Records for processing:
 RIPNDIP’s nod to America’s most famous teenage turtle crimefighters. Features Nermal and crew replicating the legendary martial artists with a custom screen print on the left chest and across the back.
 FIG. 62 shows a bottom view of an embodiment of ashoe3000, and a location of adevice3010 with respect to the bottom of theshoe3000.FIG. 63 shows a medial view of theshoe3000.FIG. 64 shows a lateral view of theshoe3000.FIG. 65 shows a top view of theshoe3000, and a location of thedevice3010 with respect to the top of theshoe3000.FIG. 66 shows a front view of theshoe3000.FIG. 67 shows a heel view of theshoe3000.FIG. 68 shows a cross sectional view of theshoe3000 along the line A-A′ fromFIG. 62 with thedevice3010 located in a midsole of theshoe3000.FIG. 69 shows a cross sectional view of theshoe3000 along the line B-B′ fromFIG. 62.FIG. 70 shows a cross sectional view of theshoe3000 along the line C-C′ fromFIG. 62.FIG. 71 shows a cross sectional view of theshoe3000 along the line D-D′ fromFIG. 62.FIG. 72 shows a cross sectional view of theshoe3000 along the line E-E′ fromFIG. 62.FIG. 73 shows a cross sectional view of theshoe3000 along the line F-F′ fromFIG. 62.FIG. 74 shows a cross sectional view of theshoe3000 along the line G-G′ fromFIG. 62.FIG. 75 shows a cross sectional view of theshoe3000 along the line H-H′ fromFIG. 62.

--

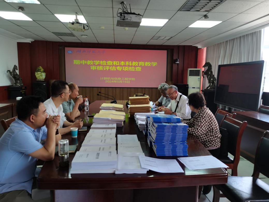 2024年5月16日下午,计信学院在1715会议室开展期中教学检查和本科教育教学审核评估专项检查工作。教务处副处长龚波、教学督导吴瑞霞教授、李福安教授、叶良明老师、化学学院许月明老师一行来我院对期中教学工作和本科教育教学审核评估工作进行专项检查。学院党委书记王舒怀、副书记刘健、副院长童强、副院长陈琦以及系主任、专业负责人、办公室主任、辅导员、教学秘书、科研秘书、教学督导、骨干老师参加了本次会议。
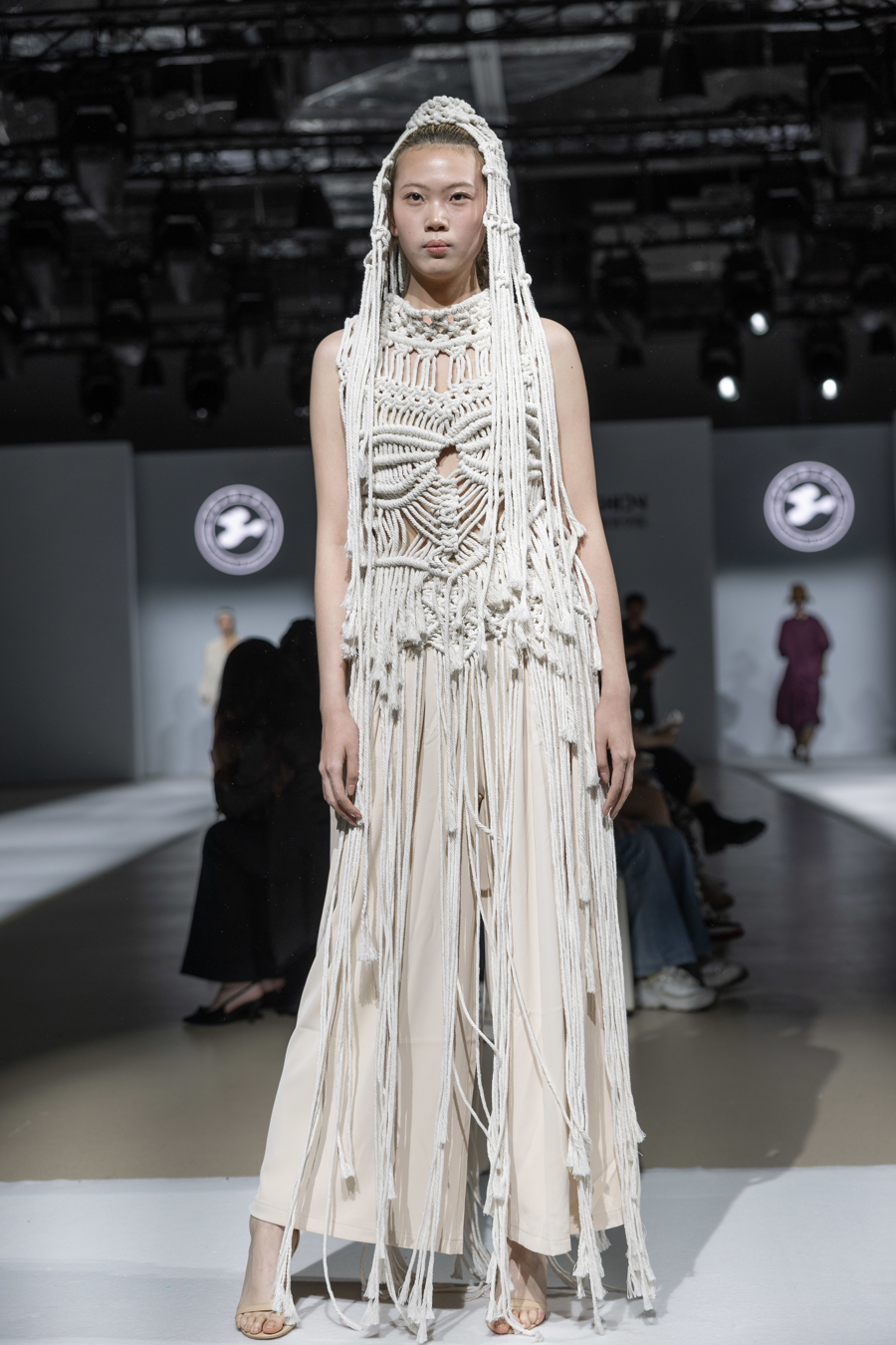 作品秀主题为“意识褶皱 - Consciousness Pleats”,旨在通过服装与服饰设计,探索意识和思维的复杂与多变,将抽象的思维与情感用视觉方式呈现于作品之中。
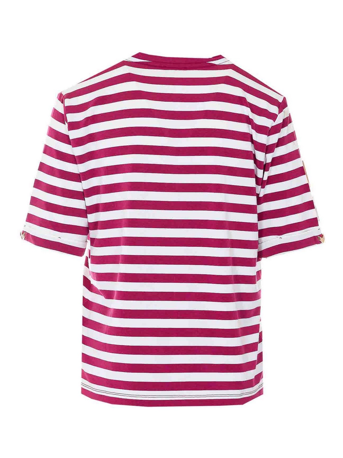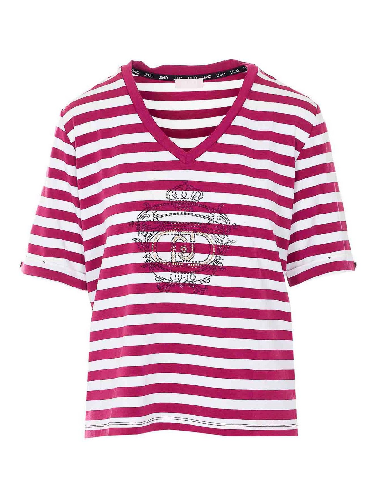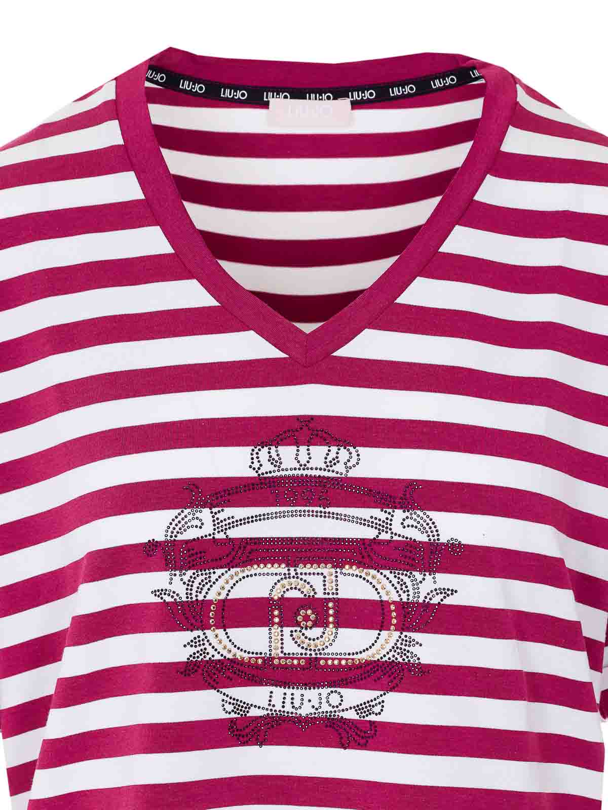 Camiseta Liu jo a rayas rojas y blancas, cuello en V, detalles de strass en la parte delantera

--

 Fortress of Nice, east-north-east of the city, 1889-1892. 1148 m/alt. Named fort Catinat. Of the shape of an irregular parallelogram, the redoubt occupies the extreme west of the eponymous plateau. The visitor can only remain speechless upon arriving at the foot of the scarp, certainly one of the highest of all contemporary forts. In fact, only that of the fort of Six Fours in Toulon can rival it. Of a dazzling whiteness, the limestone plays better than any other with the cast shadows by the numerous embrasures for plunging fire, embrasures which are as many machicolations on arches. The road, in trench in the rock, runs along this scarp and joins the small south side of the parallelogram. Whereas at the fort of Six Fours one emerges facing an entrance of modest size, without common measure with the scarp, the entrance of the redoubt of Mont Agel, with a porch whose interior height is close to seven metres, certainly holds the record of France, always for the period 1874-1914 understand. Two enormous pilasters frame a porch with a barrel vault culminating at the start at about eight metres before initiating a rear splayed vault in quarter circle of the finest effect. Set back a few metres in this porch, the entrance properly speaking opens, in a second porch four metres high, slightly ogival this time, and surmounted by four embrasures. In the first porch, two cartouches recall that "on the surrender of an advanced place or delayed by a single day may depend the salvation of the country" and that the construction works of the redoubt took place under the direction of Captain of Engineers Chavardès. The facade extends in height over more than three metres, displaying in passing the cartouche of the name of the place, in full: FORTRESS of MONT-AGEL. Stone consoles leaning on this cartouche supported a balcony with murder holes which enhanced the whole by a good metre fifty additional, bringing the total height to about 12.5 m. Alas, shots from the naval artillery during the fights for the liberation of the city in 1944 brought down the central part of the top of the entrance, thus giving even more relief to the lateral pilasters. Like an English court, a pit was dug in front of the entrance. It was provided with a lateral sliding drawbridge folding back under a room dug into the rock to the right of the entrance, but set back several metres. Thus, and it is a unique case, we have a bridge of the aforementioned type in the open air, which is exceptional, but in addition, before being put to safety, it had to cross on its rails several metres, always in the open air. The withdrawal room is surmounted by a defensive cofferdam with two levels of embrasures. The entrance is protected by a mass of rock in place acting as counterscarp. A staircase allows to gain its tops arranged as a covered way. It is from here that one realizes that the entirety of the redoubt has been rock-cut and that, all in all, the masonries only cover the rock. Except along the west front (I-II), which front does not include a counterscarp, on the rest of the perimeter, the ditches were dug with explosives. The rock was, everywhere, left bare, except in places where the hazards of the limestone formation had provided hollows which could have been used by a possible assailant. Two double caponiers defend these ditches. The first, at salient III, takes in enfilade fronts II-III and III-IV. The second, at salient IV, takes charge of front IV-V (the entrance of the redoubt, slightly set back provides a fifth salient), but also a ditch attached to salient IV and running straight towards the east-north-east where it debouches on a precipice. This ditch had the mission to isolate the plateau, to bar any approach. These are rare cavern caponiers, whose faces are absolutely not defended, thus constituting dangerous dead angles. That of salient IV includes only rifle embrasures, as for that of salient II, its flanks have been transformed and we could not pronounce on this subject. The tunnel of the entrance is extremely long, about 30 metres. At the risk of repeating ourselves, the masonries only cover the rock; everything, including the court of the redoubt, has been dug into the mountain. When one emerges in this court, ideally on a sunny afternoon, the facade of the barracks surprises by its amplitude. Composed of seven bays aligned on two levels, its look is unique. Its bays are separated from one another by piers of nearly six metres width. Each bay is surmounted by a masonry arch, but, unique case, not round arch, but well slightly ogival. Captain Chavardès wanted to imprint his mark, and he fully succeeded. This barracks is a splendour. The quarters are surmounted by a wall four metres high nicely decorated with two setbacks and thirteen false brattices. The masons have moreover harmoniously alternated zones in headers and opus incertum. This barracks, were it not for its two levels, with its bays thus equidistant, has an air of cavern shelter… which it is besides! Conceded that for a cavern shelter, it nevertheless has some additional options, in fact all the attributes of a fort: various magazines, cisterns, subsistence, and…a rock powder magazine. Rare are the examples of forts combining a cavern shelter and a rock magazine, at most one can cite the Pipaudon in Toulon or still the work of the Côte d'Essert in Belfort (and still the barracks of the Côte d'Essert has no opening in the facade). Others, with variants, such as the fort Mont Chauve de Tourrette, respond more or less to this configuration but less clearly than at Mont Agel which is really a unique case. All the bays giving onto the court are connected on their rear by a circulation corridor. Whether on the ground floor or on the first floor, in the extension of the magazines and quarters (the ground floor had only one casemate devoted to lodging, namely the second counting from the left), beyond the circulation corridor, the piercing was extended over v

Work required:
Go back to the listing above and write out the lines starting at the one with "2024年5月16日下午,计" and ending at the one with "Camiseta Liu jo", inclusive, exactly and without pictures.

Output:
 2024年5月16日下午,计信学院在1715会议室开展期中教学检查和本科教育教学审核评估专项检查工作。教务处副处长龚波、教学督导吴瑞霞教授、李福安教授、叶良明老师、化学学院许月明老师一行来我院对期中教学工作和本科教育教学审核评估工作进行专项检查。学院党委书记王舒怀、副书记刘健、副院长童强、副院长陈琦以及系主任、专业负责人、办公室主任、辅导员、教学秘书、科研秘书、教学督导、骨干老师参加了本次会议。
 作品秀主题为“意识褶皱 - Consciousness Pleats”,旨在通过服装与服饰设计,探索意识和思维的复杂与多变,将抽象的思维与情感用视觉方式呈现于作品之中。
 Camiseta Liu jo a rayas rojas y blancas, cuello en V, detalles de strass en la parte delantera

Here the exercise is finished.